[Start of section]

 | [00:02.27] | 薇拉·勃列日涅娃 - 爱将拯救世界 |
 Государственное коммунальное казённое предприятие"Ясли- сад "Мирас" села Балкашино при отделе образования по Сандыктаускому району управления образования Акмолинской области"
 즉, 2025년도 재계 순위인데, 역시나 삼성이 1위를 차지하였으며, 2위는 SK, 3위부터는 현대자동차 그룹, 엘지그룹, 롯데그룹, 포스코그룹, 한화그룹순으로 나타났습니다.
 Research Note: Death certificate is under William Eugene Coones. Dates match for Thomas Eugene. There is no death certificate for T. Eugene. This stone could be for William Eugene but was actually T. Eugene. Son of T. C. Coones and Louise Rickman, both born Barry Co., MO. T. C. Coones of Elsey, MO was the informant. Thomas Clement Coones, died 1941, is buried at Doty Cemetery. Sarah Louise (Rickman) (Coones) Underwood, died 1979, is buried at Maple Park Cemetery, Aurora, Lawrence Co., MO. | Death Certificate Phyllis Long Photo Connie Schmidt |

[End of section]
[Start of section]

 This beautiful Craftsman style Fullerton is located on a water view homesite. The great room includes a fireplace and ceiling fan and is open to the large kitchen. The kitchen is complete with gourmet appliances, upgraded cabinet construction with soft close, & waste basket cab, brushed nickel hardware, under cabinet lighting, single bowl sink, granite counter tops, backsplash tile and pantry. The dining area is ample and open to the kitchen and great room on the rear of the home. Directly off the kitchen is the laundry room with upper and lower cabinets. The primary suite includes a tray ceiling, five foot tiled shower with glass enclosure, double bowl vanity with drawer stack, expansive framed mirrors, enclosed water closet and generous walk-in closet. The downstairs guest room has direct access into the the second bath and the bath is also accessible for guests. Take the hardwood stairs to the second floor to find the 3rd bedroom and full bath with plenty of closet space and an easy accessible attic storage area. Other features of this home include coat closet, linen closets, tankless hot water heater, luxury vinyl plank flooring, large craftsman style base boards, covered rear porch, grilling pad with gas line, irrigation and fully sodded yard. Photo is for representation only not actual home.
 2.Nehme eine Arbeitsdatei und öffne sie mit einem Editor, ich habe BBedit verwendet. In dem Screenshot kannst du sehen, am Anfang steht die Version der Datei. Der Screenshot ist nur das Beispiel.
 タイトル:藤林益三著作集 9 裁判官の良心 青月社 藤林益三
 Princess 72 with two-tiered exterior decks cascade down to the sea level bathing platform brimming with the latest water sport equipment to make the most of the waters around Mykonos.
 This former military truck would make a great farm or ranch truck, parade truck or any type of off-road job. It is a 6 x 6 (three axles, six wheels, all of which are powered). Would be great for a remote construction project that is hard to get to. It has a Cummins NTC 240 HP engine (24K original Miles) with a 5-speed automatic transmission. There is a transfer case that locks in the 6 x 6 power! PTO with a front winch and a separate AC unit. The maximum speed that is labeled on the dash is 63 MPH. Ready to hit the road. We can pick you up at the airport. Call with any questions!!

[End of section]

* [ABOUT THIS TASK]: Whenever the string "make" shows up in a line of the entries, copy that line.

* [SOLUTION]:
 Princess 72 with two-tiered exterior decks cascade down to the sea level bathing platform brimming with the latest water sport equipment to make the most of the waters around Mykonos.
 This former military truck would make a great farm or ranch truck, parade truck or any type of off-road job. It is a 6 x 6 (three axles, six wheels, all of which are powered). Would be great for a remote construction project that is hard to get to. It has a Cummins NTC 240 HP engine (24K original Miles) with a 5-speed automatic transmission. There is a transfer case that locks in the 6 x 6 power! PTO with a front winch and a separate AC unit. The maximum speed that is labeled on the dash is 63 MPH. Ready to hit the road. We can pick you up at the airport. Call with any questions!!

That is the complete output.